I am trying to work this problem out. I know that the systematic counting principle is used. However, I cannot get the right answer.
For the first part, I took
R=2
N=6
6!/(6-2)! (Permutation).
Answer: 30 choices for the Chair/Vice
The second part, I took
R=2
N=8
Combination form.
From here, I do not know what to do or how to get the correct answer. Please explain how to get the answer. Thank You!
The academic computing committee at a college is in the process of evaluating different computer systems. The committee consists of six administrators, six faculty, and two students. A six-person subcommittee is to be formed. The subcommittee must have a chair and vice chair from the administrators, the other four committee members have no particularly defined roles from the faculty and students. In how many ways can this subcommittee be formed?
To solve this problem, we need to break it down into two parts - selecting the chair and vice chair from the administrators, and selecting the remaining committee members.
Part 1: Selecting the Chair and Vice Chair from the Administrators
In this part, we need to select 2 administrators to be the chair and vice chair of the subcommittee.
We will use the permutation formula, since the order matters (chair and vice chair have different roles).
We have:
R = 2 (we need to select 2 administrators)
N = 6 (we have 6 administrators)
Using the permutation formula, the number of ways to select the chair and vice chair is:
6P2 = 6! / (6-2)! = 6! / 4! = 6 * 5 = 30 choices for the chair and vice chair.
Part 2: Selecting the Remaining Committee Members
In this part, we need to select 4 members from the remaining administrators, faculty, and students (since the chair and vice chair were already selected).
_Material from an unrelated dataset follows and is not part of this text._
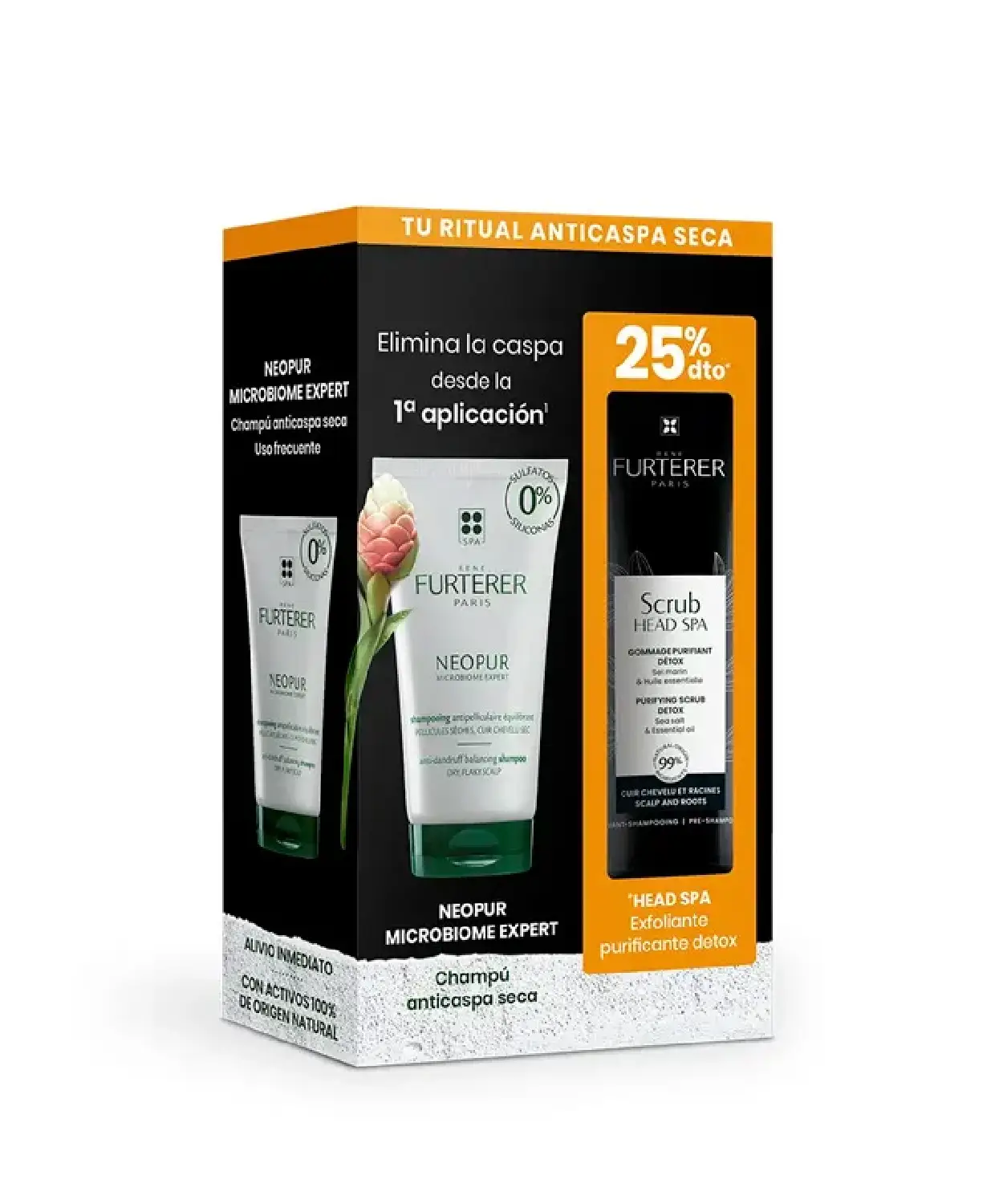 El Pack Rene Furterer Neopur Anticaspa Seco + Exfoliante Detox es el tratamiento ideal para restaurar el equilibrio, la hidratación y el confort del cuero cabelludo.

The order doesn't matter here.
We will use the combination formula, since the order doesn't matter.
We have:
R = 4 (we need to select 4 members)
N = 6 administrators + 6 faculty + 2 students = 14 (total number of remaining members)
Using the combination formula, the number of ways to select the remaining committee members is:
14C4 = 14! / (4!(14-4)!) = 14! / (4! * 10!) = (14 * 13 * 12 * 11) / (4 * 3 * 2 * 1) = 1001 choices for the remaining committee members.
To get the total number of ways to form the subcommittee, we multiply the number of choices for the chair and vice chair by the number of choices for the remaining committee members:
Total number of ways = 30 * 1001 = 30,030 ways to form the subcommittee.
Therefore, there are 30,030 ways to form the subcommittee.